California State University, Dominguez Hills has become the newest Jumpstart early childhood education location in Southern California. Jumpstart Los Angeles County at CSU Dominguez Hills will pair college students with preschoolers at Rainbow Child Development Center and Immanuel Children Development Center in Compton for twice-weekly sessions that will include helping the children with basic language and math skills, reading, and assisting teachers. The corps will also be working with children in the university’s Child Development Center.

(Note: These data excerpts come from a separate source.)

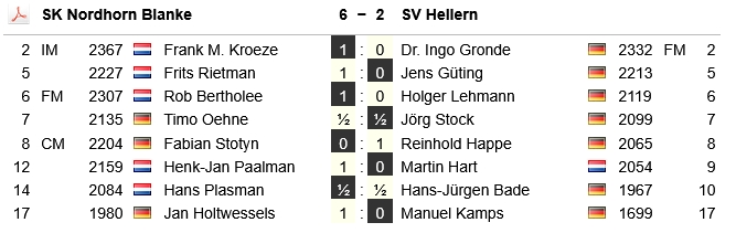Das entstandene Endspiel behandelte der IM dann gewohnt stark und geduldig und führte die Partie zu einem schönen Matt. Überhaupt muss man die Endspielleistungen der holländischen Nordhorner an den Spitzenbrettern anerkennend würdigen.
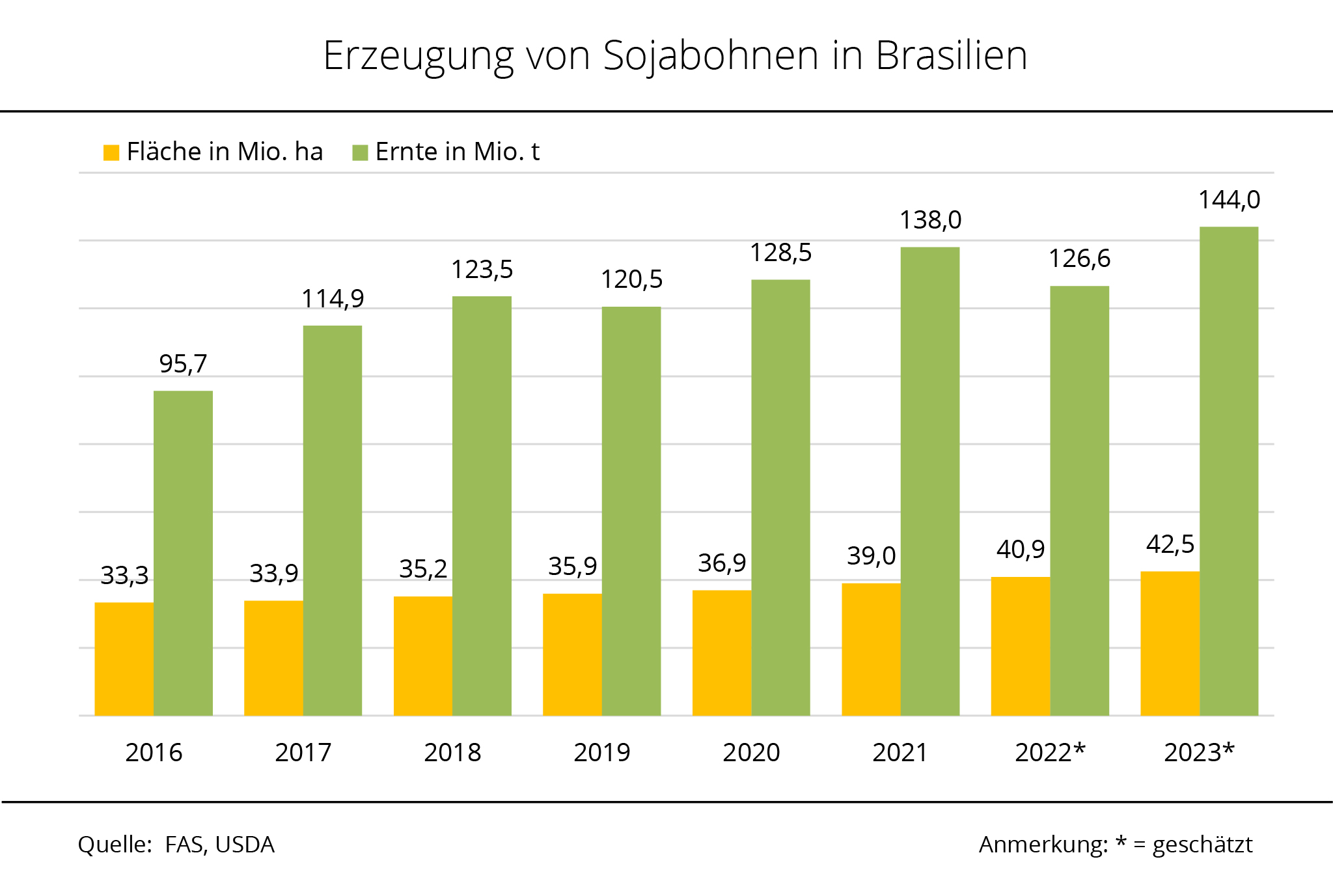 Auf 42,5 Mio. ha schätzt der Auslandservice des US-Landwirtschaftsministeriums, FAS, für das Wirtschaftsjahr 2022/23 die Anbaufläche für Soja. Das entspricht einem voraussichtlichen Plus gegenüber Vorjahr von 1,6 Mio. ha. Die 5-jährige Wachstumsrate von 1,2 Mio. ha dürfte damit um 400.000 ha übertroffen werden. Insbesondere die Grenzregionen zum Urwald im Norden und Nordosten des Landes sind laut FAS von einer verstärkten Ausdehnung des Sojaareals betroffen. Neben der Erwartung einer lebhaften weltweiten Nachfrage, stellt auch der günstige Wechselkurs des brasilianischen Reals zum US-Dollar und die Verbesserung der Infrastruktur infolge neuer und verbesserter Straßen und Häfen einen Anreiz für Farmer dar, ihre Sojaflächen, unter anderem auf degradierten Weiden, auszuweiten.
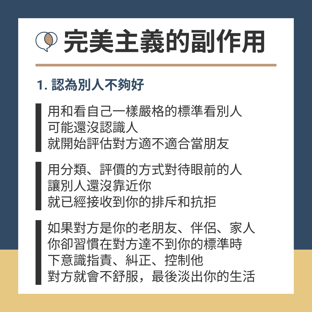 → 想要博取別人好感時,人會習慣遮掩自己的缺點,想讓自己看起來「完美」,但當你用高標準來要求自己,在人際互動上堅持「零瑕疵」、「零負評」,反而會讓自己跟身邊的人都很辛苦。
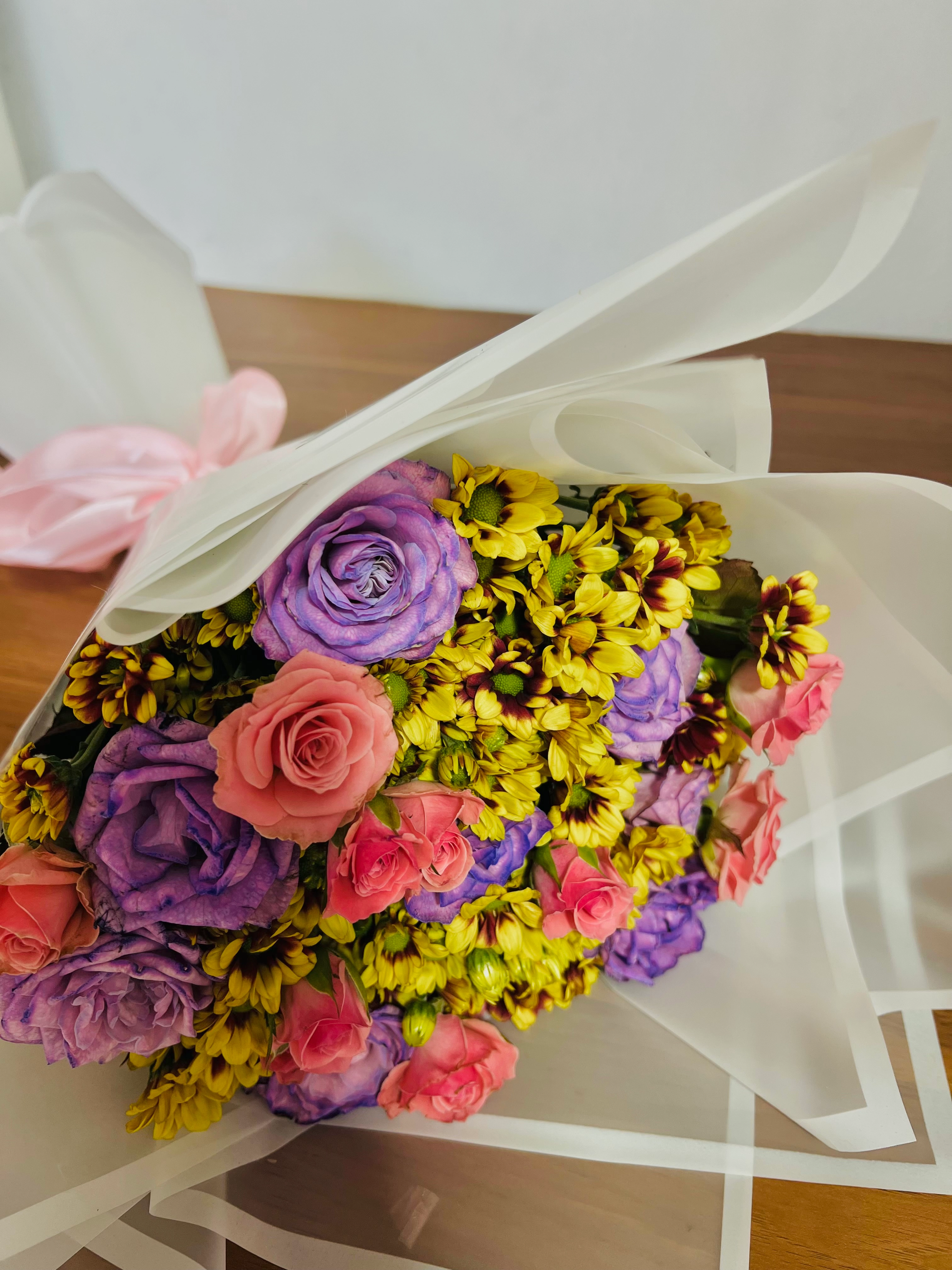دسته گل رز مینیاتوری و آلسترومریا فلوبار

Among the first activities the new location will participate in is Jumpstart’s nationwide “Read for the Record” read-a-thon campaign on October 7. Community volunteers are currently being sought to read “A Snowy Day” by Ezra Jack Keats to children at the Dominguez Hills Child Development Center from 9 to 11 a.m. that day. To volunteer to read, call (310) 243-2438. A fundraiser is currently ongoing to raise money to buy books the preschoolers can keep. To donate, visit www.csudh.edu/csl and click “Donate here”.

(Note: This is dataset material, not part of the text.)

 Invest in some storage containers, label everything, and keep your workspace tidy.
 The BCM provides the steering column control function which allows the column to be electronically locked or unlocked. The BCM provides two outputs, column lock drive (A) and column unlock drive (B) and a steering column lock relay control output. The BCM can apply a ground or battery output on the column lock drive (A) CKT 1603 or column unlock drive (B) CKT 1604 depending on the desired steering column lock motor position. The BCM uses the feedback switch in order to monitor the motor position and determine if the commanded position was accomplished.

“We are proud to join Jumpstart in this critically important work,” said Cheryl McKnight, director of the university’s Center for Service, Learning, Internship, and Civic Engagement (SLICE). “It strengthens our commitment to the community and gives our students the chance to enrich their academic experience by giving back in a meaningful way.”

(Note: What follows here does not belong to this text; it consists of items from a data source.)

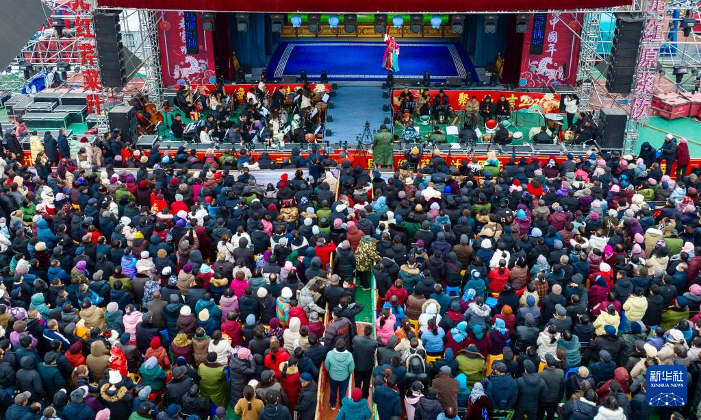 2月3日,人們在寧夏固原市西吉縣年貨大集上觀看秦腔表演(無人機(jī)照片)。新華社記者 楊植森 攝
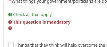 This issue is «16095: Exclamation sign doesn't have text or is duplicate.» @cdorin write it can be a translation issue : https://bugs.limesurvey.org/view.php?id=16095#c56951 It's not |
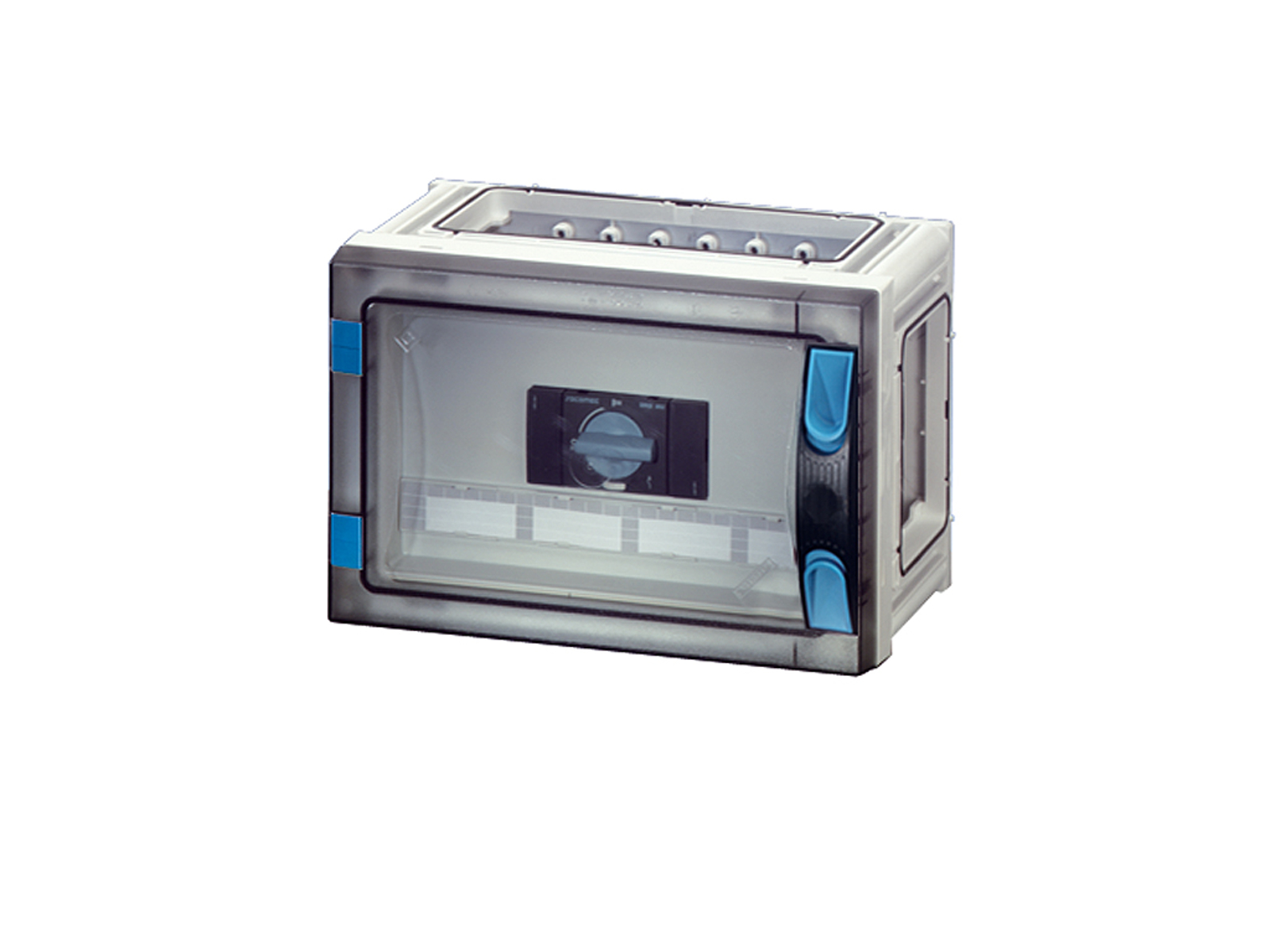 Kasse med transparent dør og uden sider. Med skillesikring med indbygget sikringsafbryder iht. IEC 60947-3. Kan også betjenes af ikke-fagkyndige personer.
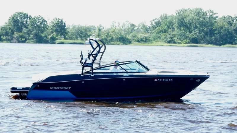 Equipped with one of the largest sun pads in the industry for a boat of this size, the 238 is a sun worshiper's delight! The sunpad also features the Monterey Signature flip up backrest for aft facing transom seating. The 238 also comes with Monterey's highly popular trunk storage for all your accessories and gear.
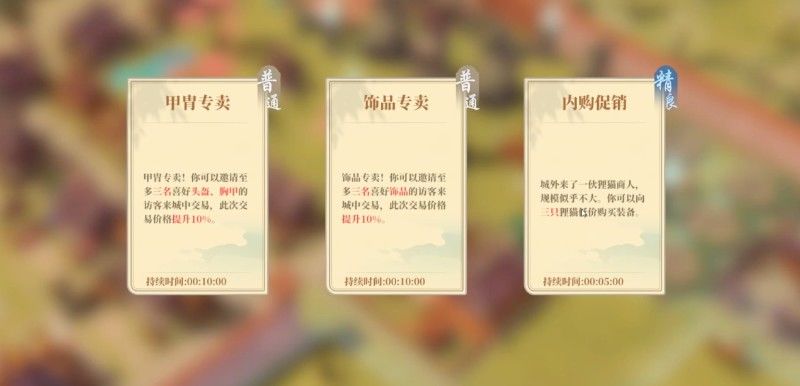 另外,客栈还会定时刷新特殊事件,可以低价收购,或者提高价格卖出,也有增加好感度、提升居民养成等各种各样的事件,覆盖了多种玩法。不过我最喜欢的还是低买高卖,谁不喜欢搞钱呢?

CSU Dominguez Hills joins the nonprofit network of 62 universities nationwide dedicated to addressing school readiness among America’s preschool population. Through the partnership, 30 students at CSU Dominguez Hills will serve 300 hours this academic year as Jumpstart corps members, working to ensure that local preschoolers receive mentoring and encouragement that will prepare them to do well in primary and secondary school, and ultimately college.
Sergio Pineda, Jumpstart at CSU Dominguez Hills site manager, says he recruited corps members who sincerely wanted to help children through a structured curriculum with a focus on literacy, mathematics, and confidence building.
“We’re not going to just be hanging out with the kids,” says Pineda. “We have a mission, and that mission is to have these kids reading by the time they get to kindergarten.”
Jumpstart will utilize the university’s Federal Work-Study (FWS) dollars to pay students, enabling them to finance a portion of their education by performing valuable community service. In addition, some Jumpstart Corps members who do not receive FWS may earn a $1,100 AmeriCorps education award upon completing 300 hours of service.